“Quei lavori che gli italiani non vogliono più fare” un refrain che abbiamo sentito un’infinità di volte a proposito di assistenti familiari, di migranti piegati nei campi, di lavori indesiderati. Pedalare per chilometri sotto la pioggia, per 3 euro a consegna, di sicuro non rientra tra le mansioni che saremmo disposti ad accettare.
L’indagine sui riders condotta dal PM di Milano Paolo Storari, che il 29 maggio aveva portato al commissariamanto di Uber Italy, si è conclusa con un’accusa di caporalato in concorso per Gloria Bresciani manager della piattaforma di delivery e per Leonardo Mokini e Danilo Donnini, responsabili delle sociatà di intermediazione Fcr e Flash Road city.
«Davanti a un esterno non dire mai più “abbiamo creato un sistema per disperati”. Anche se lo pensi, i panni sporchi vanno lavati in casa e non fuori» intercettata mentre rimproverava un dipendente troppo loquace, Gloria Bresciani ci fornisce le chiavi del sistema Uber Eats: una sorta di moderna schiavitù in cui a muovere le leve sono gli ultimi, presi per fame, e la loro impossibilità di dire no. E gli ultimi, salvo eccezioni, sono i migranti e i richiedenti asilo. Persone senza alternative, senza una rete di solidarietà familiare e con un accesso ai diritti sociali difficile. Tre euro a consegna indipendentemente dalla distanza da percorrere, dalle condizioni atmosferiche e dalla fascia oraria, mance sottratte, licenziamenti arbitrari e un continuo “regime di sopraffazione retributivo e trattamentale” sono alcuni dei dettagli che emergono in questo sottobosco di sfruttamento e discriminazione.
Come spesso accade a venire a galla è il marcio di un sistema che però ha radici più profonde. Il razzismo, esplicito nel caso Uber e in tutti i caporalati sparsi per l’Italia, è la punta dell’iceberg di una mentalità diffusa che, consapevolmente o no, finisce per veicolare messaggi discriminatori. O comunque per legittimarli.
Il refrain “fanno quei lavori che noi non vogliamo più fare” è molto meno innocuo di quanto possa apparire. Sintetizza l’opinione di molti italiani sul tema. Sebbene il più delle volte senza dolo, implica però una deviazione netta dal campo del diritto, e dei diritti, a quello insidioso della concessione. Possono restare perché sbrigano faccende indesiderate e sono funzionali all’ingranaggio, è l’idea che traspare in controluce. Producono Pil.

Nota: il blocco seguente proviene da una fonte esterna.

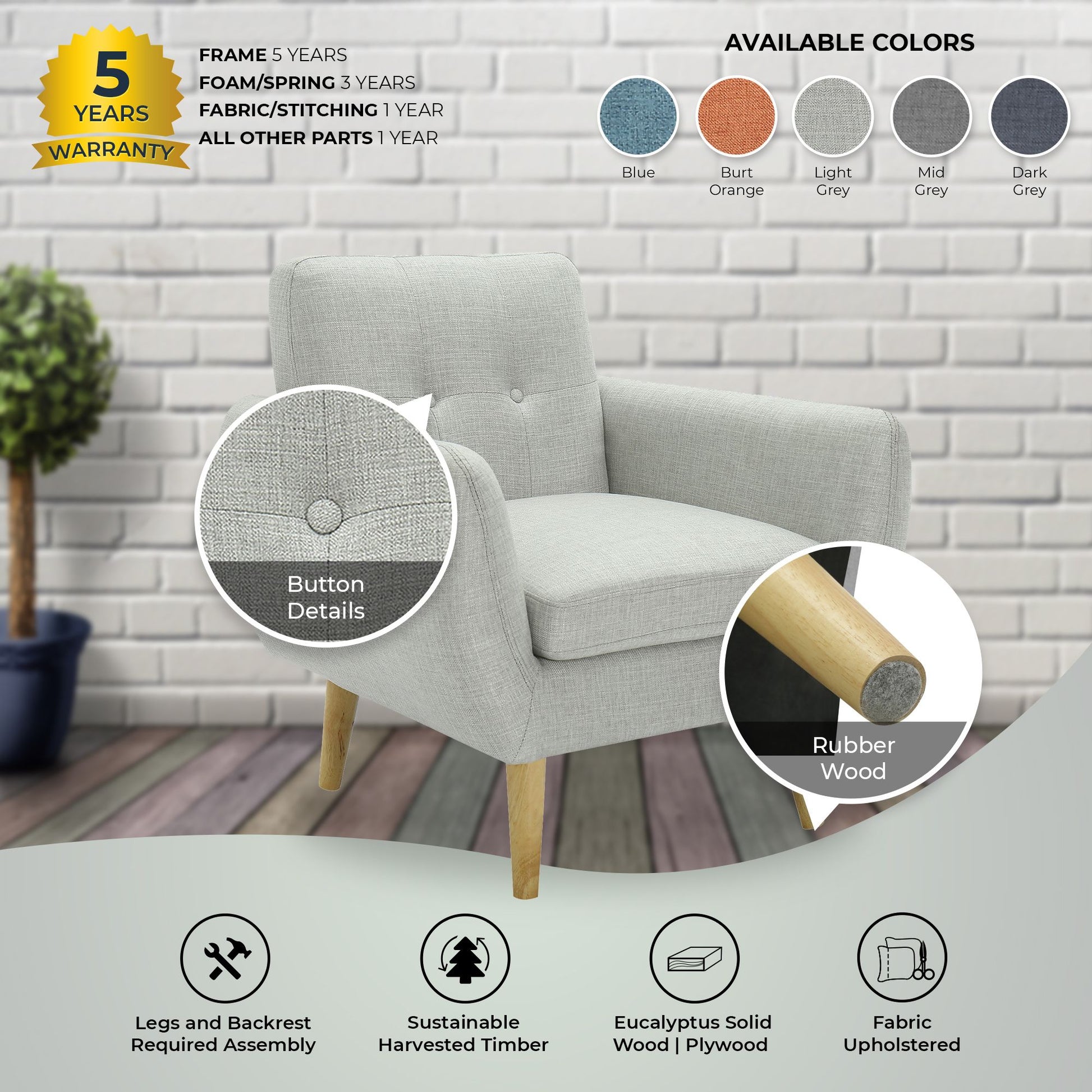 A sofa is the focal point of a living room. Place this beautiful 2-piece set of sofas, designed in the Scandinavian style, in your living room and it will instantly become the most stylish part of your home. The single-seater sofa set is an epitome of superb craftsmanship. They showcase comfy looks, featuring tapered legs and outwardly sloping arms. They have a fixed backrest with button details and loose-style seat cushions with high-density foam for superior comfort. The armchairs in light grey mix easily with any interior decor style. The entire sofa is upholstered in 100% polyester fabric, which is soft and durable. The stunning sofas also feature high-density foam, webbing, pocket springs, and S-springs that ensure complete relaxation for the body. The structural frame of the sofa is made of sustainably harvested solid wood and plywood, which gives it internal strength and resilience. The frame has a five-year warranty; the foam and springs have a three-year warranty; the fabric and stitching have a one-year warranty; and all other parts have a one-year warranty.

In una società proiettata verso il futuro, reticente a guardarsi indietro, in cui certi lavori sono visti con vergogna, il migrante diventa la soluzione. La toppa con cui richiudere quegli spazi che non siamo più in grado di coprire. Un tacito accordo, con rapporti di forza evidentemente sbilanciati, in cui il nostro benestare passa per la loro rinuncia, e in cui gratitudine e mantenimento dello status quo sono condizioni chiave del patto. E’ lo status stesso di migrante infatti a destinarlo al “lavoro sporco”, quasi fosse lo sbocco inevitabile e inalterabile di una condizione naturale.

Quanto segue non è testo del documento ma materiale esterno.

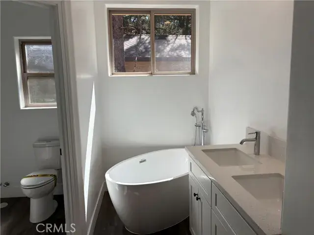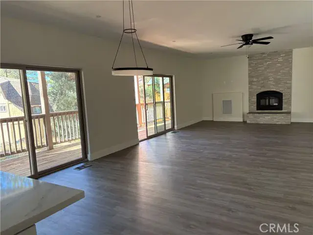 Just Built! Unique contemporary custom design home featuring multi-use spaces in addition to traditional bedrooms. Open floor plan w/Great room, fireplace, three sets of sliding glass doors that open out to a covered deck that extends the entire width of house, all electric kitchen w/island, marble countertops, plenty of custom cabinets & counter space as well as a walk-in pantry. Front facing room could be a den/office or bedroom. Hallway full bath w/tub, tile & vanity. Adjacent Laundry closet w/cabinets. Entry level has durable, easy care quality vinyl plank flooring throughout. 2nd level features three bedrooms: one facing back, another one & front facing Master suite. Master bedroom has high ceilings & windows as well it’s own private covered decks w/mountain & forest views. Master bath features a lg. walk-in shower, tub, double sink vanity & private toilet. It’s pre-plumbed for a bidet. Walk-in closet.Across from Master suite are 3 rear facing rooms, each w/sliding glass doors that open to another covered rear deck that also extends the entire width of the house: One bedroom, two multi-use rooms: Middle room that could be a lounge & play area & Corner room that could be used as a media room, 2nd living room or 2nd master bedroom as there is an entry door into the hallway bath w/shower & vanity. 3rd front-facing bedroom as well.

Lo smantellamento sistematico di ogni diritto sul lavoro, che emerge dall’indagine sui riders e su Uber Eats, rappresenta il punto di arrivo e la messa a sistema di questa strisciante logica paternalistica che concepisce la presenza stessa del migrante come un regalo elargito dall’alto. Un regalo che va meritato. Con la rinuncia alla propria dignità e l’accettazione, senza se e senza ma, della propria subalternità.